High production and a global oversupply have pushed down the average tea prices for factories managed by Kenya Tea Development Agency (KTDA) to Sh239.78 ($2.22) in the nine months to March 2021, a 12 per cent drop.
The average price dropped from Sh272.16 ($2.52) for a similar period in the previous financial year while tea production dropped by 8.6 per cent. KTDA data shows factories processed 218.9 million kilos of tea compared to 239.6 million kilos a year earlier.
KTDA prices over the same period have however been 17 per cent higher than the average Mombasa auction price for all teas – at Sh205.2 ($1.90). “The teas stuck in the global supply chain are still high and these are having an adverse effect on pricing,” said KTDA Management Services Managing Director Alfred Njagi.
The Agriculture and Food Authority (AFA) has also cited the Covid-19 pandemic as a major driver to the continued price depression.
“Demand has also been affected to some extent by reduced consumer purchasing power due to the effect of the global economic recession that is perpetuated by the Covid-19 pandemic as well as the devaluation of some foreign currencies against the US Dollar,” AFA said in a Tea Industry performance report for February.

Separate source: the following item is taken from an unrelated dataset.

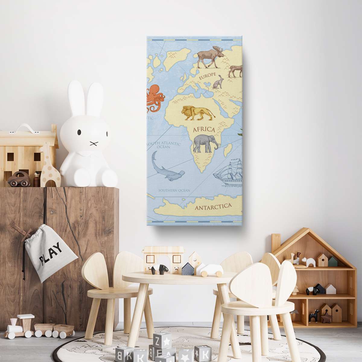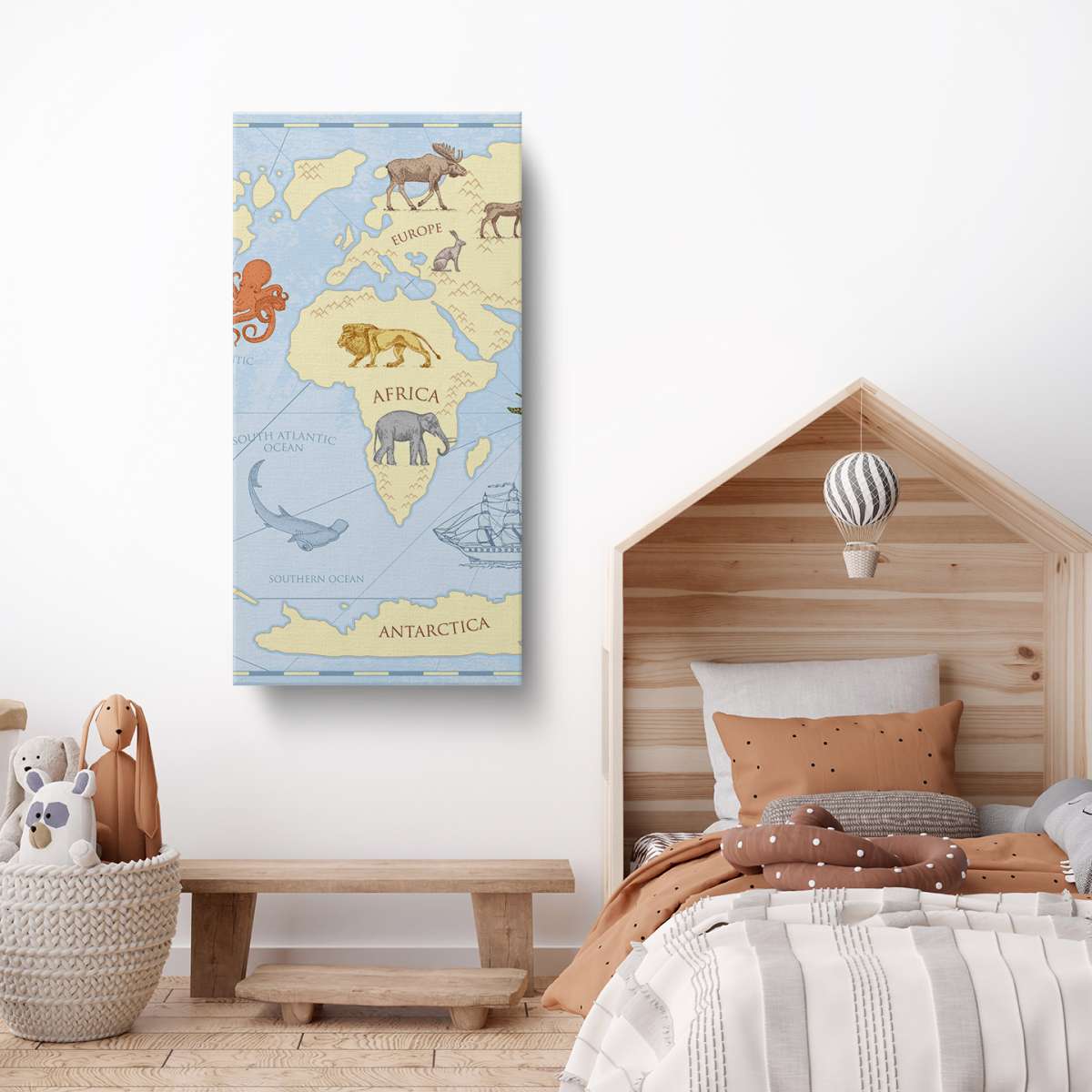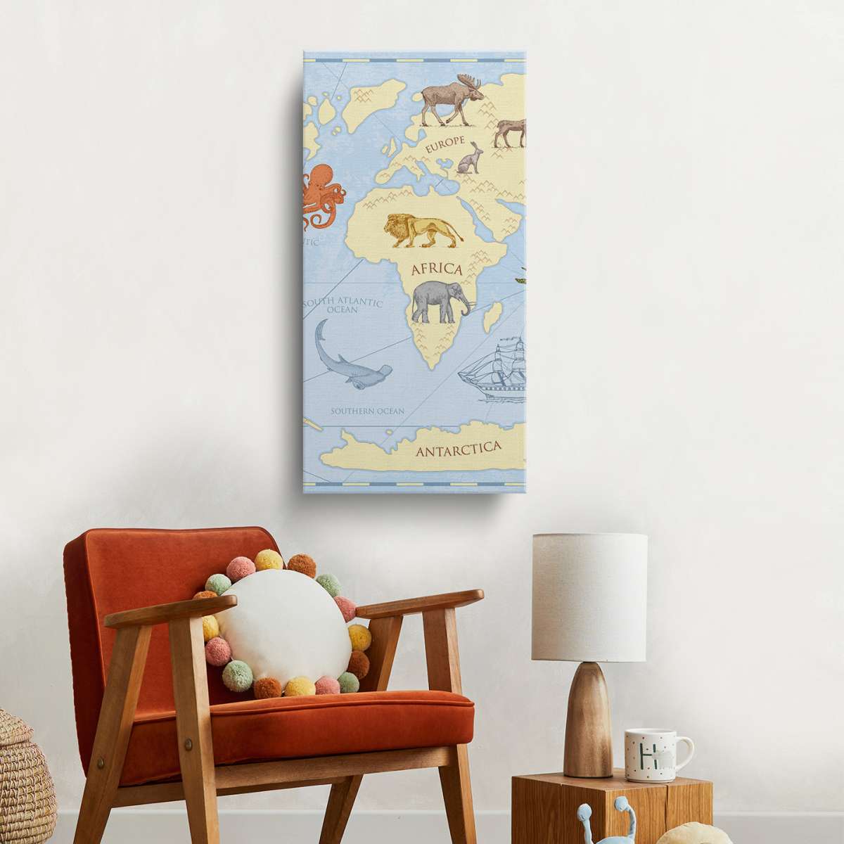 Dětská mapa světa, barevný vintage styl - ilustrace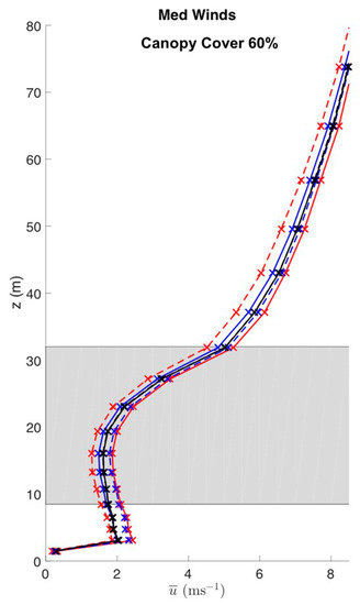 Figure 7. Spatially and temporally averaged vertical profiles characterizing streamwise (forward) wind flow velocity, U ¯ , on the x axis, with increasing height on the y axis. Lines with X’s represent 60% cover cases while lines without X’s represent 30% cover cases. Red lines show profiles for high aggregation cases, blue lines show moderate aggregation cases and black lines show low aggregation cases. The spread of profile lines of similar colors illustrates differences in winds arising from interactions between fuel spatial patterns, ambient winds, and the fire; differences between replicates are highest for high aggregation cases. The gray area indicates the vertical range within which the canopy is found.

AFA further notes that the huge amount of stocks and high production continue to exert pressure on prices but expects the amount of tea coming from factories to ease up this year.
“Notably, since the weather patterns expected this year may differ from that of last year, lower production trend recorded in the first two months is likely to continue throughout the rest of the year,” the Authority said.
Farmers are however likely to get a slight reprieve from the favourable exchange rate with the Kenyan Shilling having depreciated to an average of Sh109.05 to the US Dollar during the nine months compared to Sh102.62 a year earlier. Tea exports are made in USD and the weaker exchange rate will thus yield slightly more in Shillings.